Duke of Dobrzyń
- Born: 1304
- Died: 1328 (aged 23-24)
- House: House of Piast

= Bolesław of Dobrzyń =

Bolesław of Dobrzyń (pl: Boleslaw dobrzyński; betw. 1303/06 - 1 October 1327/12 March 1329, most probably in 1328), was a Polish prince, member of the House of Piast. He was Duke of Dobrzyń during 1312-1327 (until 1316 under the regency of his mother and since them under the tutelage of his oldest brother) and Duke of Łęczyca since 1327 jointly with his brother.

He was the fourth or second son of Siemowit of Dobrzyń and Anastasia Lvovna of Halych–Volhynia. It is unknown after whom he was named; probably was in honour to Bolesław II of Płock, his father's cousin.

==Life==

Bolesław never ruled by himself. After his father's death in 1312 he was under the regency of his mother and uncle, Władysław I the Elbow-high, and since 1316 he remained under the guardianship of his oldest surviving brother Władysław, with whom he jointly issued documents from 1322. He appeared for the first time in sources, together with his mother and brother, in a document dated 10 July 1316 and issued by Florian, Bishop of Płock concerning with the payment of tithes. In 1323 together with his brother Władysław, he founded a hospital for the Order of the Holy Sepulchre at Rypin. His last mention in documents was on 20 March 1326.

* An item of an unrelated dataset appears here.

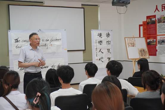 讲座中,曹士东从中华法系的深厚根基讲起,回溯商鞅变法开创成文法体系的里程碑意义;阐释法律与传统书法艺术的交融,展现了法治权威独特的文化载体;聚焦当代《职业教育法》的实践,解读其保障公民技能发展权、确立职业教育“类型教育”地位的时代价值。最终,讲座落点于习近平法治思想的核心要义,曹校长强调其作为全面依法治国根本遵循的地位,深入剖析了“坚持党对全面依法治国的领导”、“坚持以人民为中心”等精髓,以及统筹推进国内法治与涉外法治、推动国家治理现代化的深远意义。整场讲座清晰勾勒出法治在中国从文化传承到权利保障,再到时代创新的壮阔历程。

It is known that Bolesław took part in the exchange of the district of Dobrzyń for Łęczyca, which was made after the threats of the Teutonic Order and concluded in 1327/1328 between the princes and their uncle Władysław I the Elbow-high. This agreement was formalized on 1 October 1327, and on 12 March 1329 Władysław the Hunchback issued the first known document without Bolesław. It's unknown if the brothers ever divided the Duchy of Łęczyca, although is also known that Bolesław issued documents alone. Therefore, is considered that Bolesław died between 1 October 1327 and 12 March 1329. Is believed that his death occurred in 1328, shortly after the change of the Duchies, because only few witnesses remember that he took part in it. It's unknown if he married or had offspring and the place of his burial.